Sunday, September 30, 2018

My High School Home Lab Is A Mess

I went home this weekend and I got a chance to work with my really janky homelab set up. Since I don't really have a whole lot to write about this month, I figured I'd take a anecdotal trip down memory lane for a blog post and document this this atrocity somewhere and begin to talk about how horrible this set up was.



I didn't take this picture recently, as many things here aren't in true working order. But I will attempt to describe the current state of affairs in some orderly fashion. As they appear in the picture, each computer has a name: ozServe, Presario, Matrix, Mille, and XPS. The laptop above them is Quetzalcoatl, and the rack mount server is called Blade.

ozServe is my main server and it's still in operation today. It's basically my computer away from my computer. It's sporting an Intel i7-3770K. When I built it, it had 8GB of memory, but I have since expanded it to 12GB with spare memory I had laying around. I've also added a AMD R7 290 graphics card to offload graphics processing for the desktop that I foolishly installed but never removed. I'm sure it helps with some other things here and there. I used to have a 4TB external drive attached to it, but that has since failed. It has several smaller drives inside of it too. This is my main point of entry over SSH (after VPNing over to my network) and serves web pages as a dev server. It also used to be responsible for backup for my family using BackupPC (which is a nightmare to set up, by the way). I keep it on mostly for sentimentality.
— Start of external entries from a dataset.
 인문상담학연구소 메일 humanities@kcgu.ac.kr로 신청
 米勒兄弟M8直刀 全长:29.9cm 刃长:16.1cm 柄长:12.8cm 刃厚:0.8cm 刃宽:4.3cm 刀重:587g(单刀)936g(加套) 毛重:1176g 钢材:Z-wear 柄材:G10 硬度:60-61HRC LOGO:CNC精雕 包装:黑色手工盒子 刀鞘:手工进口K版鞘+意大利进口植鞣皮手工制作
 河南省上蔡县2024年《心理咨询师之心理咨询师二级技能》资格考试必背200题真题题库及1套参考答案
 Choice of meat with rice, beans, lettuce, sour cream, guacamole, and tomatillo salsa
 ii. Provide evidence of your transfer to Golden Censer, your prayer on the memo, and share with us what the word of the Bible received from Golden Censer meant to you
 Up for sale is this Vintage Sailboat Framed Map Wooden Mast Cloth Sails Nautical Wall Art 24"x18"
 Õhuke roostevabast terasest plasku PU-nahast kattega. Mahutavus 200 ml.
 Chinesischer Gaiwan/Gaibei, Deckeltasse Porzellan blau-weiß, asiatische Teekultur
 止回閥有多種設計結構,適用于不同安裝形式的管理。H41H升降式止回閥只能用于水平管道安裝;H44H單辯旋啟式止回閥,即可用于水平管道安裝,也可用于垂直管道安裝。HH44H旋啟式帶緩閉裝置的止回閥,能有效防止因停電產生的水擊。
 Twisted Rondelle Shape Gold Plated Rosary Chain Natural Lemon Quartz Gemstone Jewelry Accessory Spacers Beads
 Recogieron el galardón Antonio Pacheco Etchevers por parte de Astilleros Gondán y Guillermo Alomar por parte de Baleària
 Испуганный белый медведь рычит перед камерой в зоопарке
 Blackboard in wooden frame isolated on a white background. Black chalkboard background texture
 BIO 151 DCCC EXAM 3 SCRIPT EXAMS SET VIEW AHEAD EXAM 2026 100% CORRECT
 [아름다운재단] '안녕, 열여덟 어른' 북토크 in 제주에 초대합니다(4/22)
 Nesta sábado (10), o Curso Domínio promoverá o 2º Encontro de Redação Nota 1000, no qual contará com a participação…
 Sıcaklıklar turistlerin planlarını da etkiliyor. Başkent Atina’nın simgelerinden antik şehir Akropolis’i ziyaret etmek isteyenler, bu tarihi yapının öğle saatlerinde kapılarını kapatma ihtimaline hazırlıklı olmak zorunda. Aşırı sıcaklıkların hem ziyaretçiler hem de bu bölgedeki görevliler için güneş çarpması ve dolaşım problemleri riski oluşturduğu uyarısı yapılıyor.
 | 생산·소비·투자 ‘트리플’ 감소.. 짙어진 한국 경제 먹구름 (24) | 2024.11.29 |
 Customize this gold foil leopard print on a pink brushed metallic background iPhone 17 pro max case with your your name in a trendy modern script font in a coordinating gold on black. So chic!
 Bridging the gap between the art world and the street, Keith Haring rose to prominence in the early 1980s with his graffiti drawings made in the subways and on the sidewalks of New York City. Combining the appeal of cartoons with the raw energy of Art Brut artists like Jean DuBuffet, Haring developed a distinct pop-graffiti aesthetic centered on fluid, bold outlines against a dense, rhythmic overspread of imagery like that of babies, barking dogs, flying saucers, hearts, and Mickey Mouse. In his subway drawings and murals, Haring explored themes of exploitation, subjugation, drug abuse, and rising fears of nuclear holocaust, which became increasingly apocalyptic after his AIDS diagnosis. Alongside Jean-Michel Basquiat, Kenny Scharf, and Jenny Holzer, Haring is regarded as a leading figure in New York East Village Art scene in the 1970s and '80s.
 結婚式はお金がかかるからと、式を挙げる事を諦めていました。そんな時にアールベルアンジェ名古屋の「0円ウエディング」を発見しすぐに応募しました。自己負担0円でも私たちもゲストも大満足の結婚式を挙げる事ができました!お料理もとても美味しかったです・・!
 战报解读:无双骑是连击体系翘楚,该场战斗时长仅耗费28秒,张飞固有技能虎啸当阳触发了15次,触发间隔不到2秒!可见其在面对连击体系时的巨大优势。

The one next to it is Presario, named so because it is an HP Compaq Presario. It has some kind of Pentium 4 in it along with some small amount of RAM. What makes this computer different from the rest is that it was running Windows. I got it from my neighbor for free and I scrubbed it of any weird crap their kids put on it. But I kept the OS install just in case I needed it. I ran a bootleg copy of VMWare on it and experimented with several Damn Small Linux instances on it. That was interesting.

The one in the middle - Matrix - never had real purpose. I got it from a family friend who didn't need it anymore, fixed it up, installed Ubuntu Server on it, and toyed around with Javascript development with it.

The next one, Mille, ran Damn Small Linux on bare metal. It was basically all the poor thing could run. It had an Intel Celeron roughly equivalent to a Pentium III, so it wasn't capable of too much. This one came from a church rummage sale. After installing DSL on it, I was able to make it serve web pages and whatnot in the same way as described elsewhere on this blog. Don't actually do what that blog post does, but just know that it is possible. I also ran a FTP server on here for our security cameras to upload to back when that was the in system.

The XPS is now the security camera thing. That computer was the first iteration of ozServe until a RAM stick failed. I thought it was the whole motherboard, so a lot of time was wasted in that venture. But once I figured out exactly what was wrong with it, I put Windows 7 back on it, then Windows 10, and finally landed on Windows Server 2016 as a way to run our security program in a more robust environment. It works pretty well. It was a really good gaming computer back in the 2010s, so it has a lightweight NVidia graphics card on there. But its responsibility now squarely monitoring cameras and whatnot.

The laptop, Quetzalcoatl, ran me and my friend's Minecraft server. What a place of cringe and beauty it was. The laptop was given to me by one of the players and I was entrusted with it to install everything I needed to get it running. I got $2/month from everyone else.

Finally, the server I mislabeled as "blade" on purpose had all of OpenStreetMap's data installed on it. For a while I was into developing my own Google Maps alternative. So I wanted my own dynamic map tile server. I also made my own static map renderer and a very basic web page for it. It didn't get too far because it was slow and very poorly designed.

One thing that's very interesting is the idea of service oriented architecture here. Things talked to each other over HTTP and SSH, they were routed through different layers of switching and redirection, firewalls and whatnot. So while each individual component may not have been designed the very best it could have been, the overall networking and communication infrastructure wasn't atrocious. They're also generally asleep, waiting for a Wake-on-LAN signal to get them started. Given that the entire network wasn't moving to a unified business goal, actually calling it an honest-to-god SOA isn't totally accurate, but I'm going to do it anyway.

There are a few more fluff posts coming down the pipeline here, but I'll be back to posting real things as soon as my schedule clears up. I'll write things about the projects I'm working on for school (which is basically 100% of my school work right now) and it'll be all back to normal soon. Just gotta weather the hell I'm in right now.